WHAT TO DO:
Exact wording is required: transcribe all the entries and leave the images out.

INFORMATION SHOWN:
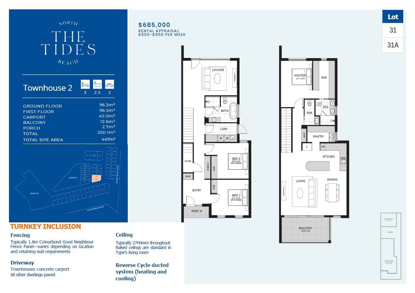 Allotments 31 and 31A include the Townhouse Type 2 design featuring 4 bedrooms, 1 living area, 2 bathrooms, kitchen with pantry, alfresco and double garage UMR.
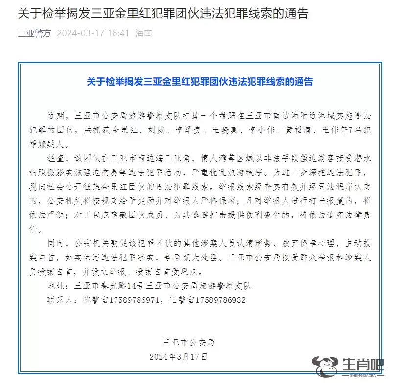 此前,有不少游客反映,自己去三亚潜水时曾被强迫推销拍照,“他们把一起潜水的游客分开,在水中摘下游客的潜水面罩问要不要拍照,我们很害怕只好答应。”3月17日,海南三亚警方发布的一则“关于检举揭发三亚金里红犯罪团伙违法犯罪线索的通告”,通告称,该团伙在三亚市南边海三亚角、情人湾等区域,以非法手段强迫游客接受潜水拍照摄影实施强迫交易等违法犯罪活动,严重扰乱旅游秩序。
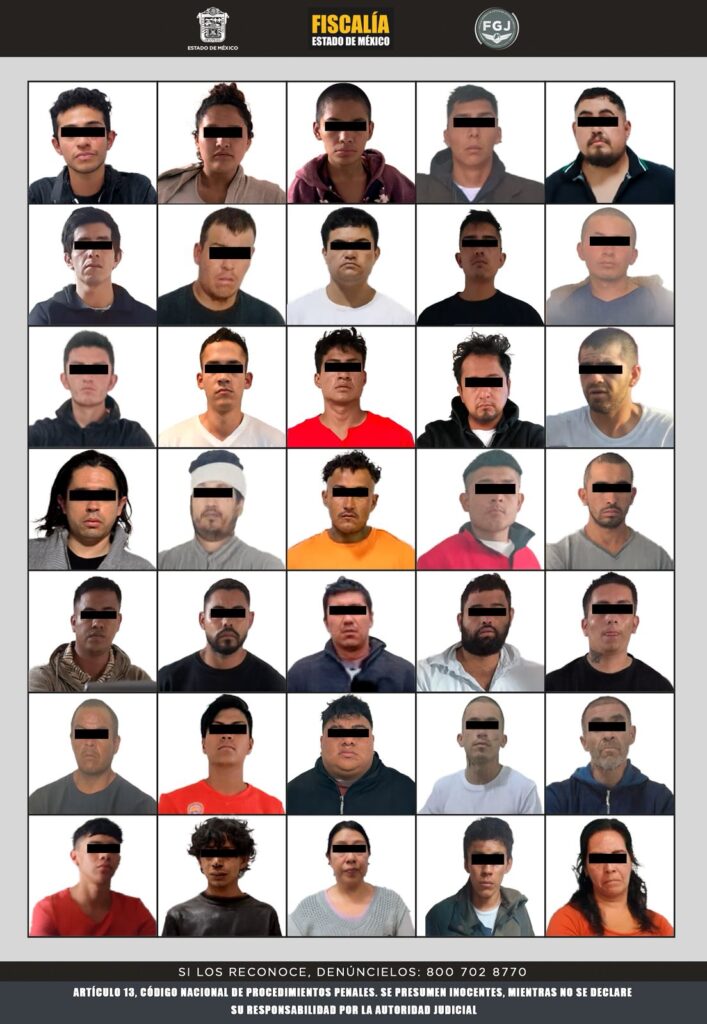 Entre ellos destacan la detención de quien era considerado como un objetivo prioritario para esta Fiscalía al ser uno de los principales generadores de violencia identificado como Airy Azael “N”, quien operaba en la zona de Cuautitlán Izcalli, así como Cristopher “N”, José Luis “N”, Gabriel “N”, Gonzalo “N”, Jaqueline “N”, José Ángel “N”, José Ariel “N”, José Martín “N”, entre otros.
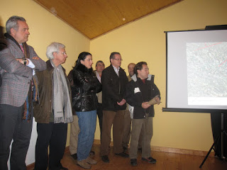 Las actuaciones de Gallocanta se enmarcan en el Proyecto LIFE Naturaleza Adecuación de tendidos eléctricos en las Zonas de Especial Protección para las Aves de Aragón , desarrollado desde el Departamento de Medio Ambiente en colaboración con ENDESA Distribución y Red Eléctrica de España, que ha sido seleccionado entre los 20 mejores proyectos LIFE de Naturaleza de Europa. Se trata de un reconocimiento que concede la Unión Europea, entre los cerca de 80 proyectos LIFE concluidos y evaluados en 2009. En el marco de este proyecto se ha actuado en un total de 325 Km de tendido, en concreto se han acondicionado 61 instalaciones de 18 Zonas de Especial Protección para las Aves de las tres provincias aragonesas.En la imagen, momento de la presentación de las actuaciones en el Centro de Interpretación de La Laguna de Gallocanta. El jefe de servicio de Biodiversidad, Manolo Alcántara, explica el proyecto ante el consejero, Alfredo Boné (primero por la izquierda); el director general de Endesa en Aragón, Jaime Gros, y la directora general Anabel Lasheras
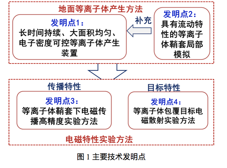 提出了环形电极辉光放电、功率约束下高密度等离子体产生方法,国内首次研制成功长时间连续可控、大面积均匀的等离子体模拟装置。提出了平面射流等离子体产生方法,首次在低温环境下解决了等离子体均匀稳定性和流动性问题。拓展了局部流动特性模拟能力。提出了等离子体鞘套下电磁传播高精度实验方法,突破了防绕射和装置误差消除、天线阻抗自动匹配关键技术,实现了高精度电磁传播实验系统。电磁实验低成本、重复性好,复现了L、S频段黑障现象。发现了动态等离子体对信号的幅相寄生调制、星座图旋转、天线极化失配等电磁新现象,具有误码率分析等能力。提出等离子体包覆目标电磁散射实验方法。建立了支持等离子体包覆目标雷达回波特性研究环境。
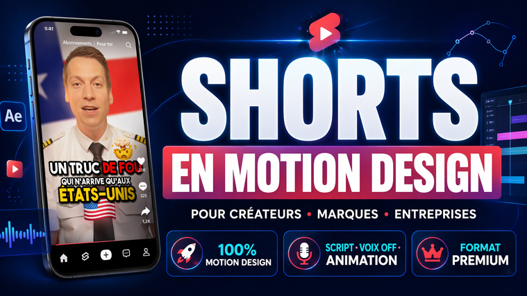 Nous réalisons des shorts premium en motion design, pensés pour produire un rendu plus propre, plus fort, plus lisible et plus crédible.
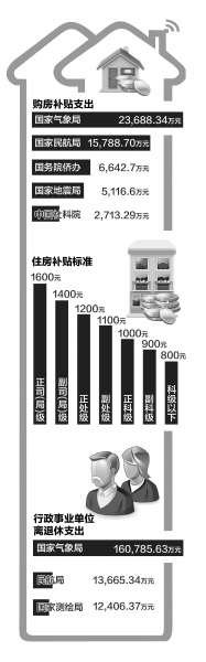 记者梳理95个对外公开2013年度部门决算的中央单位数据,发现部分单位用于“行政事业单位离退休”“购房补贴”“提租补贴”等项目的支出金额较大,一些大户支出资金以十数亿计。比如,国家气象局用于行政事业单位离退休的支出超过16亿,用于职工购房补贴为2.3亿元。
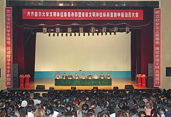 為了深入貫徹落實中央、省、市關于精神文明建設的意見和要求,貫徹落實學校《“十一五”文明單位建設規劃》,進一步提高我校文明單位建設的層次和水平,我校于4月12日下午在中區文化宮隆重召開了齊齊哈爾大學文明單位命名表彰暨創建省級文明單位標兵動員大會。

EXERCISE RESULT:
 Allotments 31 and 31A include the Townhouse Type 2 design featuring 4 bedrooms, 1 living area, 2 bathrooms, kitchen with pantry, alfresco and double garage UMR.
 此前,有不少游客反映,自己去三亚潜水时曾被强迫推销拍照,“他们把一起潜水的游客分开,在水中摘下游客的潜水面罩问要不要拍照,我们很害怕只好答应。”3月17日,海南三亚警方发布的一则“关于检举揭发三亚金里红犯罪团伙违法犯罪线索的通告”,通告称,该团伙在三亚市南边海三亚角、情人湾等区域,以非法手段强迫游客接受潜水拍照摄影实施强迫交易等违法犯罪活动,严重扰乱旅游秩序。
 Entre ellos destacan la detención de quien era considerado como un objetivo prioritario para esta Fiscalía al ser uno de los principales generadores de violencia identificado como Airy Azael “N”, quien operaba en la zona de Cuautitlán Izcalli, así como Cristopher “N”, José Luis “N”, Gabriel “N”, Gonzalo “N”, Jaqueline “N”, José Ángel “N”, José Ariel “N”, José Martín “N”, entre otros.
 Las actuaciones de Gallocanta se enmarcan en el Proyecto LIFE Naturaleza Adecuación de tendidos eléctricos en las Zonas de Especial Protección para las Aves de Aragón , desarrollado desde el Departamento de Medio Ambiente en colaboración con ENDESA Distribución y Red Eléctrica de España, que ha sido seleccionado entre los 20 mejores proyectos LIFE de Naturaleza de Europa. Se trata de un reconocimiento que concede la Unión Europea, entre los cerca de 80 proyectos LIFE concluidos y evaluados en 2009. En el marco de este proyecto se ha actuado en un total de 325 Km de tendido, en concreto se han acondicionado 61 instalaciones de 18 Zonas de Especial Protección para las Aves de las tres provincias aragonesas.En la imagen, momento de la presentación de las actuaciones en el Centro de Interpretación de La Laguna de Gallocanta. El jefe de servicio de Biodiversidad, Manolo Alcántara, explica el proyecto ante el consejero, Alfredo Boné (primero por la izquierda); el director general de Endesa en Aragón, Jaime Gros, y la directora general Anabel Lasheras
 提出了环形电极辉光放电、功率约束下高密度等离子体产生方法,国内首次研制成功长时间连续可控、大面积均匀的等离子体模拟装置。提出了平面射流等离子体产生方法,首次在低温环境下解决了等离子体均匀稳定性和流动性问题。拓展了局部流动特性模拟能力。提出了等离子体鞘套下电磁传播高精度实验方法,突破了防绕射和装置误差消除、天线阻抗自动匹配关键技术,实现了高精度电磁传播实验系统。电磁实验低成本、重复性好,复现了L、S频段黑障现象。发现了动态等离子体对信号的幅相寄生调制、星座图旋转、天线极化失配等电磁新现象,具有误码率分析等能力。提出等离子体包覆目标电磁散射实验方法。建立了支持等离子体包覆目标雷达回波特性研究环境。
 Nous réalisons des shorts premium en motion design, pensés pour produire un rendu plus propre, plus fort, plus lisible et plus crédible.
 记者梳理95个对外公开2013年度部门决算的中央单位数据,发现部分单位用于“行政事业单位离退休”“购房补贴”“提租补贴”等项目的支出金额较大,一些大户支出资金以十数亿计。比如,国家气象局用于行政事业单位离退休的支出超过16亿,用于职工购房补贴为2.3亿元。
 為了深入貫徹落實中央、省、市關于精神文明建設的意見和要求,貫徹落實學校《“十一五”文明單位建設規劃》,進一步提高我校文明單位建設的層次和水平,我校于4月12日下午在中區文化宮隆重召開了齊齊哈爾大學文明單位命名表彰暨創建省級文明單位標兵動員大會。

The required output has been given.